The 8 or 9-million-year-old fossils had first been linked to the extinct ape called Ouranopithecus.
However, a team led by David Begun from the University of Toronto’s Department of Anthropology has recently analyzed the remains and determined that they likely belonged to a male animal from a potentially new species.
By inspecting the upper and lower jaw of the ancient European ape, the team suggested that humanity’s forebears may have evolved in Europe before migrating to Africa, potentially upending a scientific consensus that has stood since Darwin’s day.
In 1871, Darwin proposed that all hominins, including both modern and extinct humans, descended from a group in Africa.
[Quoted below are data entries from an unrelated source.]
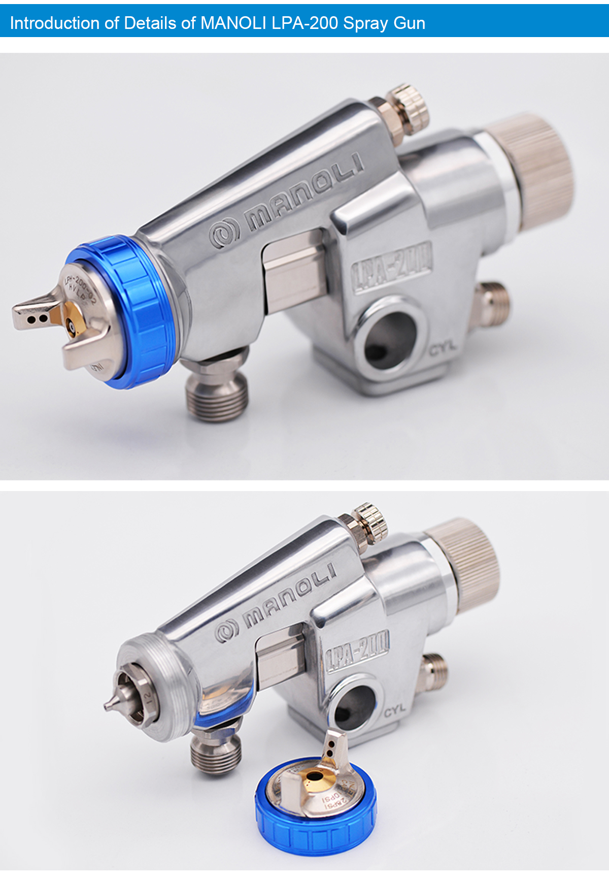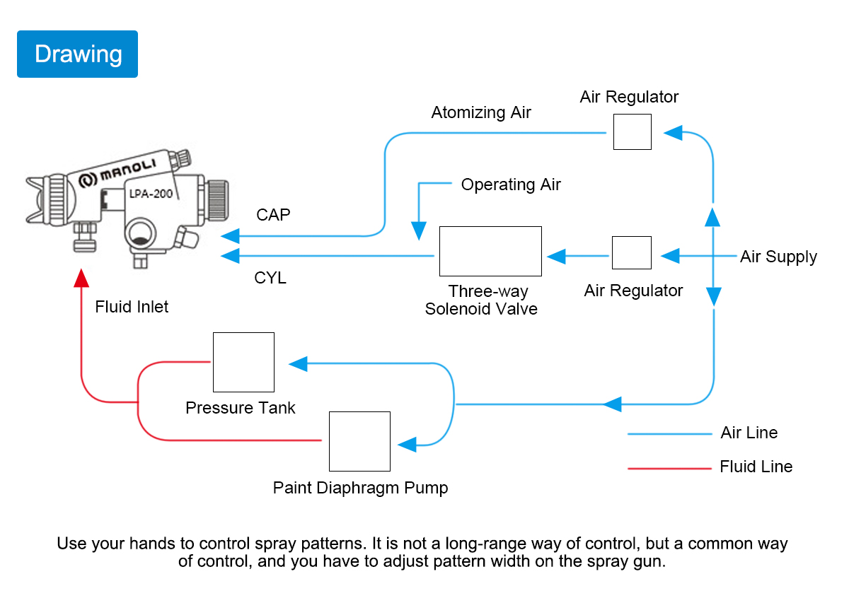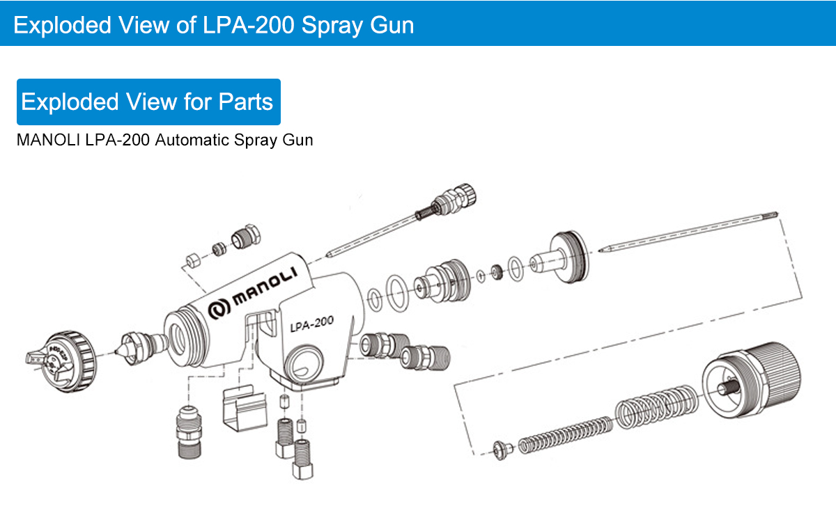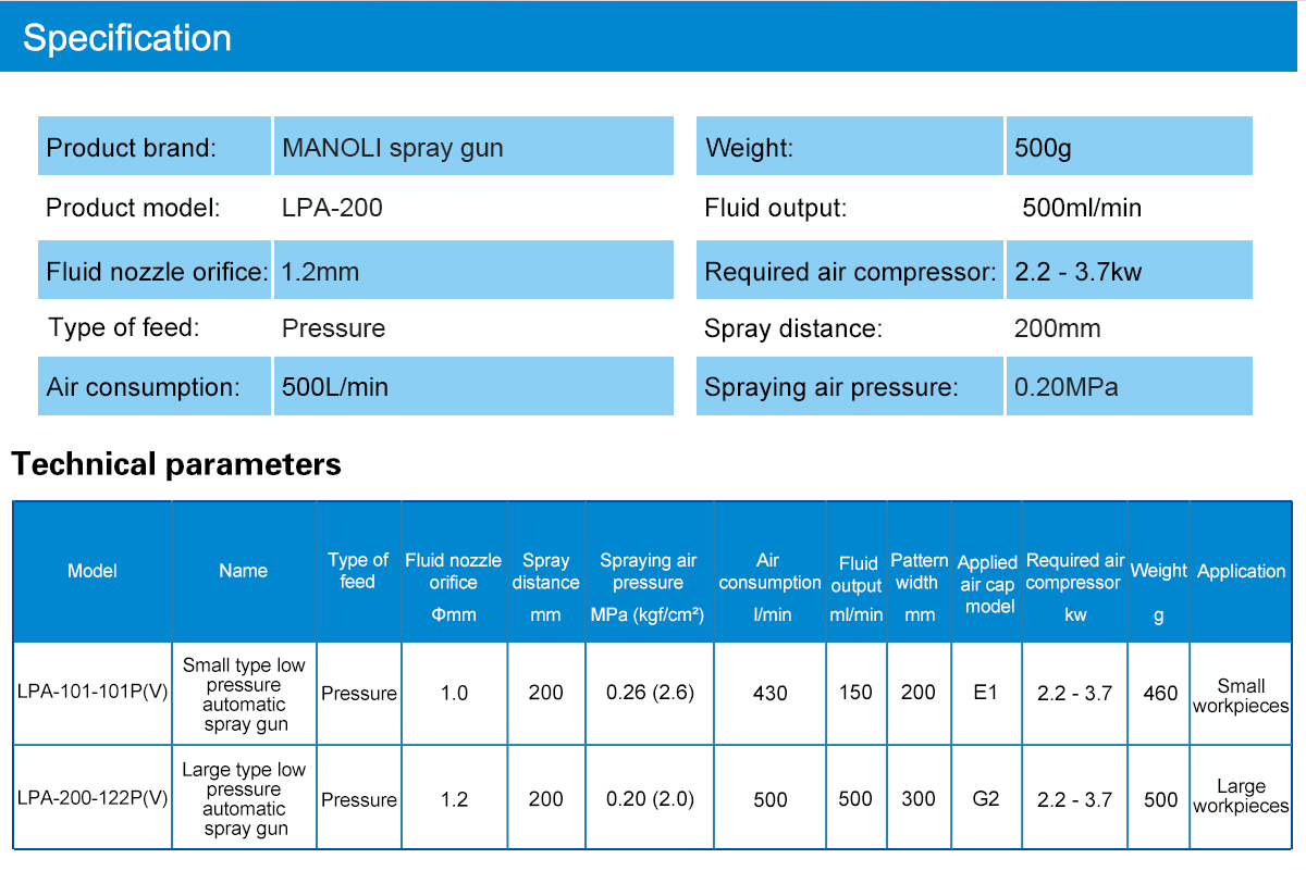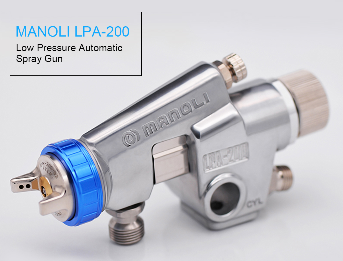 Advantage:Functions and features: The speed of air flow ejected from the low pressure spray gun is slower than that of a conventional spray gun, so there is less bounceback; With low spraying air pressure and less bounceback, paint particles easily reach the workpieces; The fluid nozzle and fluid needle are made of stainless steel for waterborne paint; Used with automatic painting equipment, reciprocators and painting robots for mass production; LPA-200 is a large type low pressure automatic spray gun, which is suitable for large workpieces.
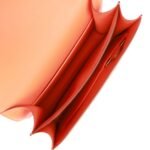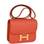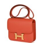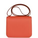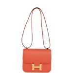 This Constance is in Orange swift leather with gold hardware and has tonal stitching. a metal H snap lock closure and adjustable shoulder strap.
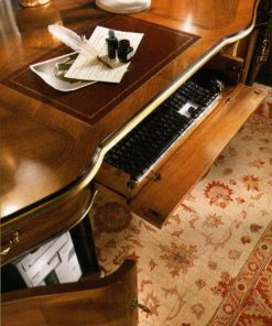 Письменный стол с 5-ю ящиками и 1-ой дверцей. Столешница выполнена в отделке из кожи. Декорирован резными элементами. Возможны другие варианты отделки.

This is the most widely accepted theory today.
Fossils in Greece belong to human ancestors
On the other hand, Darwin also speculated that hominins could also have originated in Europe, where fossils of large apes had already been discovered. The new analysis supports this theory.
While Begun does not believe the ape in Greece was a hominin, he speculates that it could represent the group from which hominins directly evolved.
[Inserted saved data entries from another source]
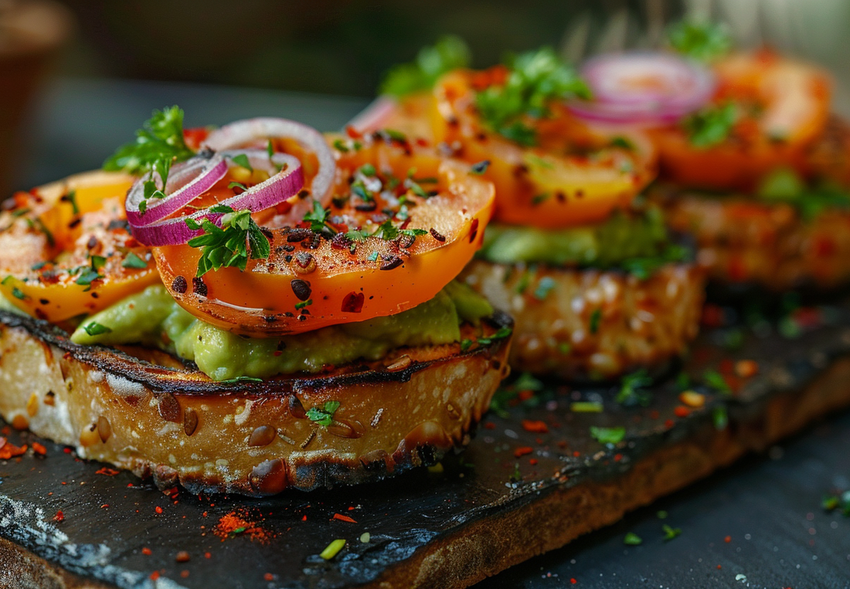 - Выложить пасту из авокадо на чиабатту, сверху добавляем томаты и красный лук.
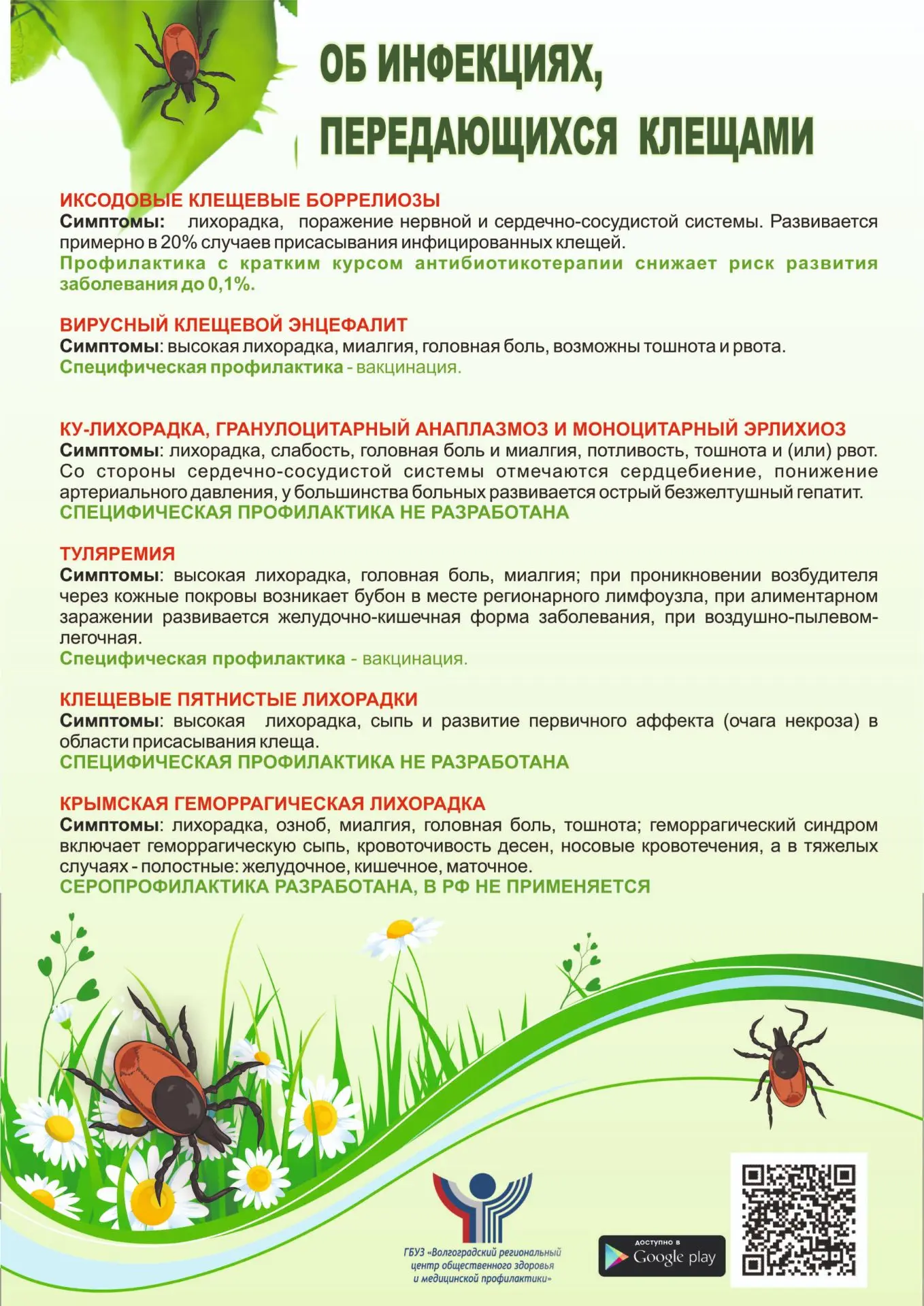 Каждую весну и почти до конца лета в Волгоградской области наблюдается сезон активности клещей, некоторые из которых несут смертельные болезни. В регионе ежегодно регистрируется заболевание Крымской геморрагической лихорадкой (КГЛ). Природный очаг КГЛ занимает большую часть территории области.
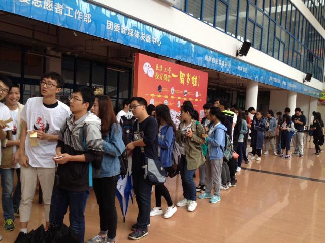 6月3日,校方微信建设团队在松江校区集中开展了周年线下互动推广活动。尽管下起了大雨,但活动仍然得到了师生的热情参与和支持,活动现场,同学们纷纷排起了长队,积极参加微信各类推广互动体验,并在留言空间为东华微信一周年送上自己的祝福。
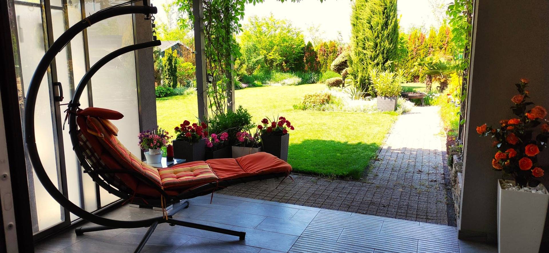 - Wohnzimmer mit Zugang zur Westterrasse und zum Garten
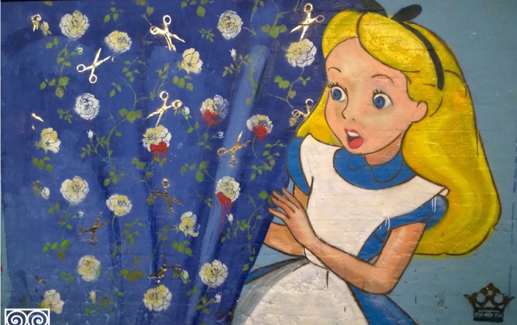 Alice against female genital mutilation created in the Banksy Tunnel raises awareness to the practice in the UK & Europe. I was invited to Austrian Parliament to discuss art for social change. click here for a film
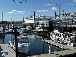 DiMillo's On the Water is a floating restaurant in Portland, Maine, United States. It is located on the former New York car ferry,[1] which ran between Norfolk and Hampton, Virginia, then between Newport and Jamestown, Rhode Island.[2] It is now permanently berthed at Portland's Long Wharf.[3] The vessel is 206 feet (63 m) long, 65 feet (20 m) wide, and weighs 700 tons.[4] The DiMillo family also owns the marina that surrounds the vessel.[2]
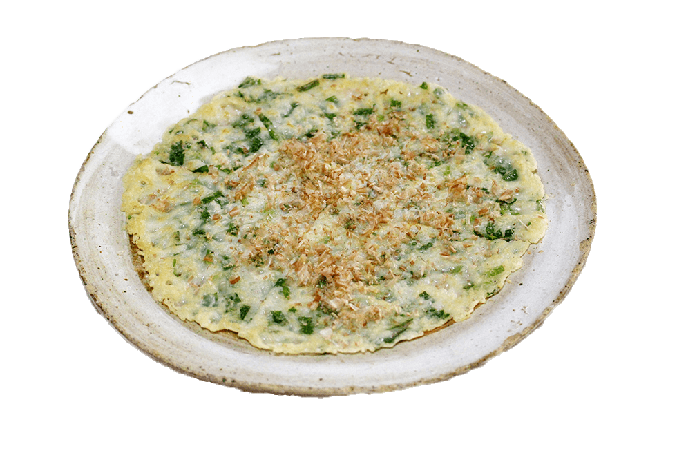 水溶き小麦粉にダシやニラかネギ、缶詰のツナを加えて焼いただけの料理。その手軽さゆえ、昔から台風や停電の際の非常食として県民に親しまれてきました。現在でもおやつや間食、お茶うけとしても食されます。ヒラヤーチーとは、平たい焼き物という意味。韓国料理のチヂミにも似ています。ウスターソースなどを付けて食べられています。
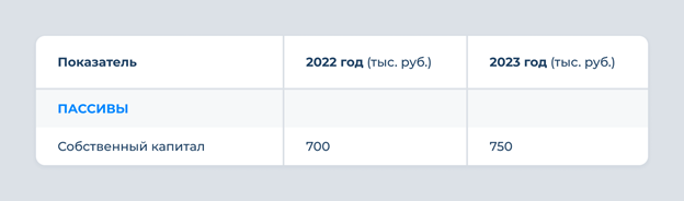Собственный капитал увеличился на 50 тыс. руб. Это может быть результатом накопления прибыли или привлечения дополнительных инвестиций. Это положительный сигнал, указывающий на укрепление финансовой устойчивости компании.

The research team led by Begun had determined in 2017 that a 7.2-million-year-old ape called Graecopithecus, which also lived in what is now Greece, could be a hominin.
In this case, the 8-million to 9-million-year-old Nikiti ape would have directly preceded the first hominin, Graecopithecus, before hominins migrated to Africa seven million years ago.
According to a report in the journal New Scientist, Begun foresees that this new concept will be rejected by many experts who believe in African hominin origins, but he hopes that the new scenario will at least be considered.
Begun points out that Southeastern Europe was once occupied by the ancestors of animals such as the giraffe and rhino. “It’s widely agreed that this was the found fauna of most of what we see in Africa today,” he told New Scientist. “If the antelopes and giraffes could get into Africa 7 million years ago, why not the apes?”
Not all anthropologists agree with Begun and his team’s conclusions. As noted by New Scientist, the Nikiti ape may be completely unrelated to hominins. It may have evolved similar features independently, developing teeth to eat similar foods or chew similarly to early hominins.